C’est aussi dans cet esprit que l’UCLouvain a notamment travaillé à l’amélioration de son plan « respect », dont le champ d’application est extrêmement large ,destiné à lutter efficacement contre toutes les formes de harcèlement en son sein.

C’est dans ce contexte que nous accueillons favorablement les recommandations du Rapport du Comité d’experts en la matière présidé par la Prof. Françoise Tulkens. Des propositions de ce rapport ont déjà été mises en œuvre et de nombreuses autres devront l’être prochainement,   dans le respect de la législation et de la concertation sociale. Ce sera une des priorités de l’année à venir.

Cette année sera également une année d’élection rectorale. C'est toujours un moment important pour l’Université, tant pour sa démocratie interne, son débat d’idées, mais aussi son orientation stratégique future. Notre  souhait à tous est que les débats soient riches, intéressants, passionnés et suivis par le plus grand nombre, mais soient également  caractérisé  par un climat de collégialité et de respect.  Nous avons toujours beaucoup à apprendre des confrontations d’idées et lorsqu’elles sont exprimées dans un tel contexte, l’Université en sort alors par le haut.

Mesdames et Messieurs, comme vous pouvez le constater, les ambitions ne manquent pas pour l’année académique qui s’ouvre.

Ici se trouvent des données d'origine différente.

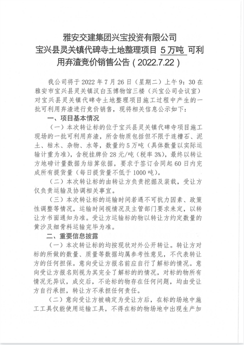 兴宝公司宝兴县灵关镇代碑寺土地整理项目10万吨可利用弃渣竞价销售挂网公告挂网公告7.22(5万吨)

Elle s’amorce cette année dans un contexte très heureux, celui de notre rapprochement avec l’Université St Louis, qui nous conforte beaucoup ,car si nous ne travaillons pas toujours de la même façon, nous avons à cet égard beaucoup de choses à apprendre les uns des autres , nous poursuivons les mêmes objectifs et ensemble on sera plus fort pour les atteindre, dans une logique d’ouverture et de collaboration. La fédération Wallonie-Bruxelles est suffisamment grande que pour caresser de belles ambitions pour son enseignement supérieur ,mais trop petite que pour le faire de façon fragmentée ou concurrente. C’est dans cet esprit de coopération et de partenariats que l’UCLouvain se développe , tant dans sa fédération qu’au niveau international. Et pour réaliser tout cela, nous aurons besoin de notre communauté. Votre enthousiasme, votre expertise, votre détermination , votre engagement, votre sens de la collaboration, votre attachement à cette université , seront plus que jamais nécessaire.   Je vous souhaite une excellente année académique.